BEGIN Excerpted records
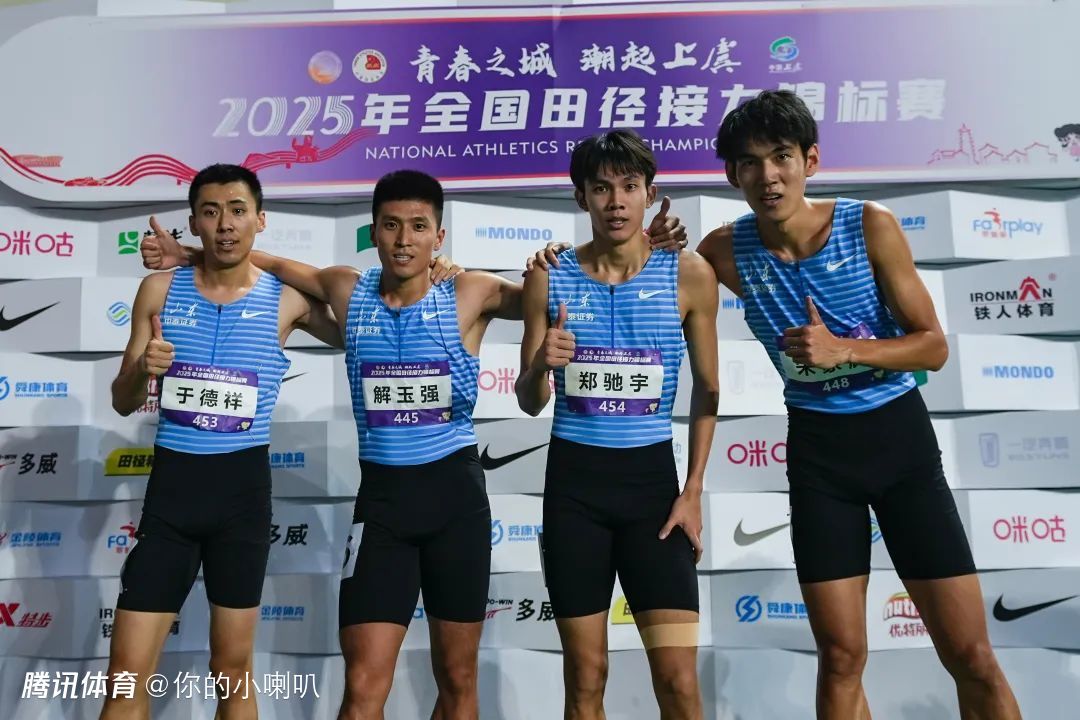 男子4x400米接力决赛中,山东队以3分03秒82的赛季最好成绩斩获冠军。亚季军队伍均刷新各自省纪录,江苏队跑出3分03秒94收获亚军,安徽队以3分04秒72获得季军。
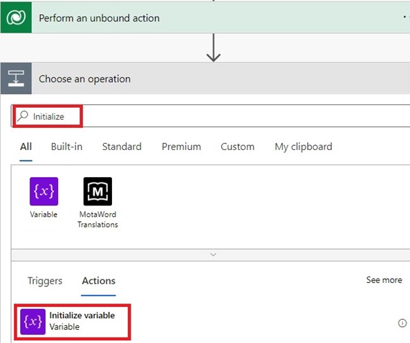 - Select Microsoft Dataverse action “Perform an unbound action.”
END Excerpted records
BEGIN Excerpted records
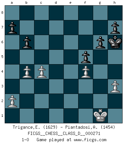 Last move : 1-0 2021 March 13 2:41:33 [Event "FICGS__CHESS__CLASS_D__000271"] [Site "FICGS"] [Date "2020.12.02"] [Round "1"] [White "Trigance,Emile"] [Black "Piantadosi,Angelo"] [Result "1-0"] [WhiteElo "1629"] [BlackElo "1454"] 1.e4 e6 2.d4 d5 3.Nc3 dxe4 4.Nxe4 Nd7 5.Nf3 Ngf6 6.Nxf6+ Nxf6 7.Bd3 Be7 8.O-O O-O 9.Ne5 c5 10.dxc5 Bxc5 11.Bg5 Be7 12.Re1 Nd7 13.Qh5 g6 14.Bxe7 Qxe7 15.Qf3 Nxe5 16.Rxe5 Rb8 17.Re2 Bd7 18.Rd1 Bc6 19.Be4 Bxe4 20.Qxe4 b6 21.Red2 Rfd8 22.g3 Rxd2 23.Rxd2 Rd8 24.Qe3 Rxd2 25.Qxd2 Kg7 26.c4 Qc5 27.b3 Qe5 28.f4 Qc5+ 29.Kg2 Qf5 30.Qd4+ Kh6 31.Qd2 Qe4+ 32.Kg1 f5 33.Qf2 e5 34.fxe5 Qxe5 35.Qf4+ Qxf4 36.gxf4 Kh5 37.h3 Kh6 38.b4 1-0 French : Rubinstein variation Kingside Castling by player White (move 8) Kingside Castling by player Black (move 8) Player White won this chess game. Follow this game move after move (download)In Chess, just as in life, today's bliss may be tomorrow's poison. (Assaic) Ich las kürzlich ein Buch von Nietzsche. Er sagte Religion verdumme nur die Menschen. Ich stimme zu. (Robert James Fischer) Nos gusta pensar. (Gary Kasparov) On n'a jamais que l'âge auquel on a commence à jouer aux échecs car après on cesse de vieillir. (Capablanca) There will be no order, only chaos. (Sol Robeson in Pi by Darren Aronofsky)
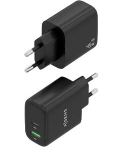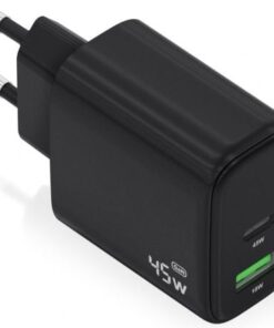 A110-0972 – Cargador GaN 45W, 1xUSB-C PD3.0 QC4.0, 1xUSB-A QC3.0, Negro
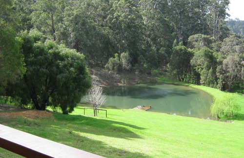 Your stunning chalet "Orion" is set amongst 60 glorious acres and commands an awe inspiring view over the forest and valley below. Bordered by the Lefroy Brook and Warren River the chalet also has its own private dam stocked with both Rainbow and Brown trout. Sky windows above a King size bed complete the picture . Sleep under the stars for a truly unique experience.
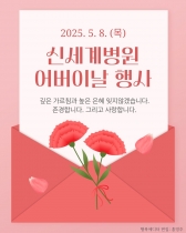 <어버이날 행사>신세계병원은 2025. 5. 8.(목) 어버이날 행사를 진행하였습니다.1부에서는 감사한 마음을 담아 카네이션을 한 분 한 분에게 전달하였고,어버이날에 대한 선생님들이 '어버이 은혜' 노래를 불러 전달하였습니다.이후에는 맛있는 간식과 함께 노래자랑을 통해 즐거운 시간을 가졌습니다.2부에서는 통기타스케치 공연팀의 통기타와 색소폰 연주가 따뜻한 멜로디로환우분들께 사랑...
END Excerpted records
**Problem to solve:**
What is needed is an exact copy of only the lines above from the one with "Your stunning chalet" to the one with "<어버이날 행사>신세계병원은 2025.", both kept, with every picture left out.

**Written response:**
 Your stunning chalet "Orion" is set amongst 60 glorious acres and commands an awe inspiring view over the forest and valley below. Bordered by the Lefroy Brook and Warren River the chalet also has its own private dam stocked with both Rainbow and Brown trout. Sky windows above a King size bed complete the picture . Sleep under the stars for a truly unique experience.
 <어버이날 행사>신세계병원은 2025. 5. 8.(목) 어버이날 행사를 진행하였습니다.1부에서는 감사한 마음을 담아 카네이션을 한 분 한 분에게 전달하였고,어버이날에 대한 선생님들이 '어버이 은혜' 노래를 불러 전달하였습니다.이후에는 맛있는 간식과 함께 노래자랑을 통해 즐거운 시간을 가졌습니다.2부에서는 통기타스케치 공연팀의 통기타와 색소폰 연주가 따뜻한 멜로디로환우분들께 사랑...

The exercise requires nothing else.